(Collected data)
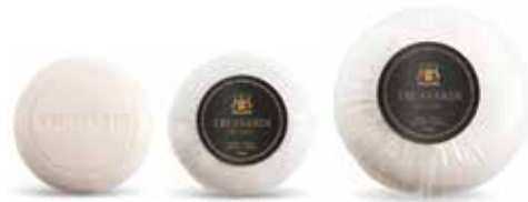
PLEAT WRAPPED SOAP My Land
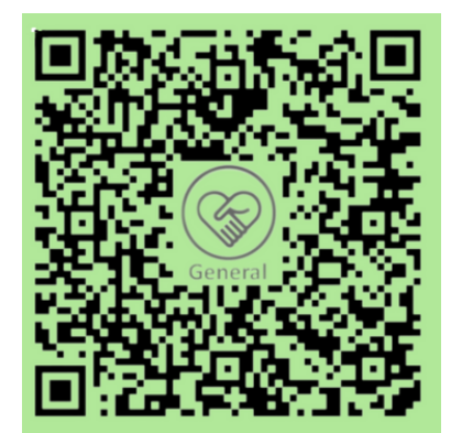
General Fund S76SS0008AGFD
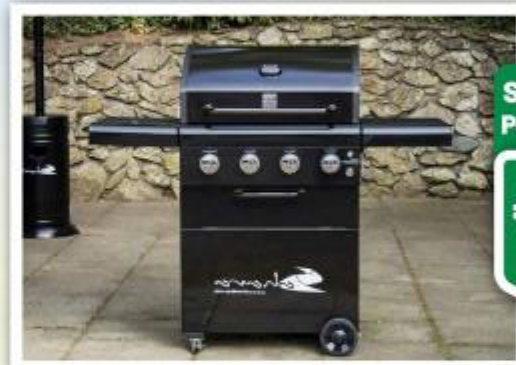
Sahara A450 Performer BBQ
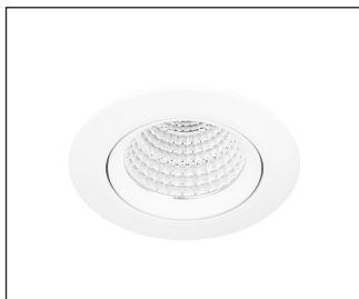
W White Trim
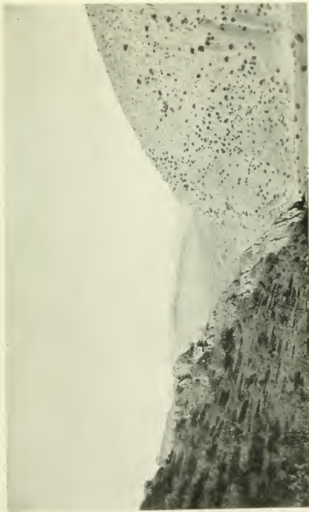
ON THE PERSIAN FRONTIER, S. KURDISTAN.
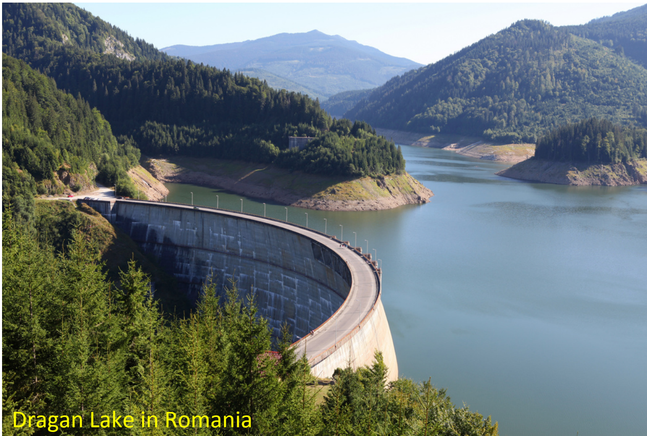
Dragan Lake in Romania

A dam is a wall that stops water from flowing in a certain direction.

- _TASK_:
Copy exactly the lines that run from the one containing "ON THE PERSIAN FRONTIER, S. KURDISTAN." to the last line of the records, both included, and leave out every picture.

- _OUTPUT OF THE TASK_:
ON THE PERSIAN FRONTIER, S. KURDISTAN.
Dragan Lake in Romania

A dam is a wall that stops water from flowing in a certain direction.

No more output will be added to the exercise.